I make a Cranberry Mandarin White Chocolate Bread Pudding recipe that comes courtesy of Terri Lim, a pastry chef with the Delta Bessborough Hotel in Saskatoon. It is fairly easy to make and uses croissants in place of bread chunks for a "richer" taste. The fresh cranberries make it seem more holiday-ish/festive and it is served with a side of caramel sauce that has a bit of Bailey's in it. The recipe, as I received it, made a restaurant-sized pan of it, so I needed to do a bit of experimentation and finagling to down-size the recipe into a manageable quantity for just our family. It is definitely just a once a year treat for us, but we really look forward to it.
 
Cookies....lots of cookies....home made.
Oreo balls, as mentioned above. DD had them at a work function and now I will make them. New "cookie" for this year
 
On Christmas Eve we always have “dirt cake” (it’s a no bake desert with pudding, cool whip, cream cheese and crumbled Oreos). On Christmas Day my aunt makes a delicious rum cake.
 
Lots of different Christmas cookies—shortbread, rugalach, gingerbread men, snickerdoodles, spritz, candy cane cookies, caramel toffee squares, Oreo balls, peanut butter chocolate marshmallow squares, white chocolate peanut butter marshmallow mounds....I could go on.

Traditional trifle

Newfoundland cherry Cake, fruitcake

Candy cane ice cream, home made eggnog
 
Elder sister and I make this for most every Christmas celebration with our own variations: I always use a tube pan, she always uses a Bundt or mini Bundt pans. We both use Duncan Hine Cake mix (either yellow, lemon or orange) cause Nana said that was the only mix with the right type of flour. We swap out vanilla pudding mix for lemon or orange jello since it makes for a firmer cake that better absorbs the glaze. I always use dark anejo rum but sister goes all over the place....it was pretty interesting the year she used Meyer's but not so great the time she tried Gosling's Black Seal:

http://www.geniuskitchen.com/recipe/bacardi-rum-cake-14499
 
Traditional trifle, fresh fruit salad with ice-cream, chocolate yule log
Then if there's still room cadbury's selection boxes, Terry's chocolate orange and after 8 mints lol
 
We always serve a Key Lime Cake, &, depending on the year & what the rest of our menu is, in the past, I've done the following in addition to the Key Lime Cake:

Gingerbread Trifle
Coconut Cake
Chocolate Cheesecake
Red Velvet Cheesecake
Million Dollar Pie

One year, we had a Christmas Brunch, &, for "dessert," I served a Cranberry Tart, Egg Nog Coffee Cake, & Hot Chocolate Tiramisu.
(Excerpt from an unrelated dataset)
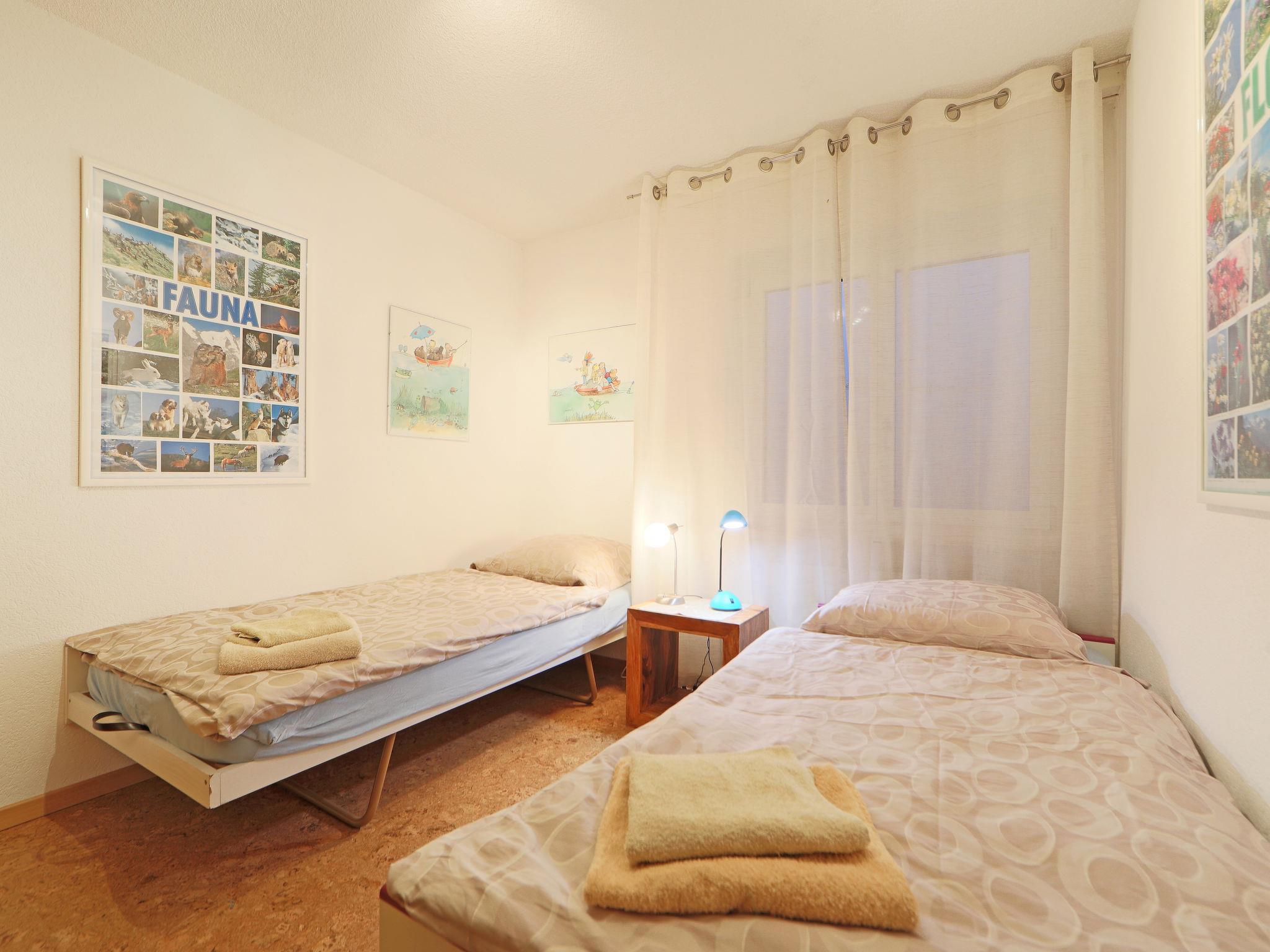 4-room apartment 110 m2, on the ground floor. Practical and comfortable furnishings: living/dining room with open-hearth fireplace, dining table, TV, radio and DVD. Exit to the garden, to the terrace. 1 double bedroom with 1 double bed (2 x 90 cm, length 200 cm). 1 small room with 1 x 2 bunk beds (90 cm, length 200 cm). 1 room with 2 beds (90 cm, length 200 cm). Open kitchen (oven, dishwasher, 4 ceramic glass hob hotplates, toaster, kettle, freezer, electric coffee machine, raclette grill, fondue Set (cheese)) with bar, dining table. Bath/WC, sep. WC. Heating. Terrace. Terrace furniture. Side view of the mountains and the Mischabel group, the Rothorn. Facilities: washing machine, dryer, sauna, hair dryer. Internet (WiFi, free). Please note: non-smokers only. View of the Mischabel group, the Rothorn, the little Matterhorn and the entire station.

One year, we had a sort of a Louisiana-themed menu (because we were serving fish DH had caught during a fishing trip in Louisiana), & 2 of our desserts were beignets & a bread pudding w/ rum sauce.

And we always have an assortment of Christmas cookies.

For Christmas Eve, I make a Strawberry Pretzel Salad to take to my parents' house & to take to DH's parents' house.
 
Apple pie and chocolate cream pie.

I'm still not sure whether I'm going to bake cookies this year. DD's coming home from college, though, and I think it would be nice for her if I have some to make a colorful plate up. We'll see.
 
Christmas cookies. We make several different kinds that we freeze, then send out to people. We eat the remaining ones on Christmas. So far we've made snickerdoodles, gingersnaps, and Fudge Ecstasies. We'll also make chocolate-oat bars, peanut butter blossoms, spritz cookies, meringues (I don't ship these--too delicate), and candy cane blossoms, which are essentially butter cookies with a candy cane Kiss. I may make fudge, as well. And DH has fruitcake.

After having made all those, and having leftovers in the freezer, is seems silly to make still more desserts.
 
I live by an orchard and every summer I buy one of their cherry pies - which is frozen. I save it for Christmas every year. It is delicious! Plus I bake a TON of cookies every year and make my traditional sour cream coffee cake for Christmas morning brunch.
 
Depends... berry pie, lemon meringue pie, red velvet cake, ice cream sundae bar, baked Alaska, apple crisp. We don't have a traditional Christmas dessert. It'll be whatever we feel like making when I go to the store on the 23rd.
 
I always make pumpkin rolls, poppy seed cake and cheesecake. Sometimes i make a carmel apple cake too - all depends on how I'm feeling. I also make ribbon jello and lots of cookies! I might try a yule log this year - we shall see!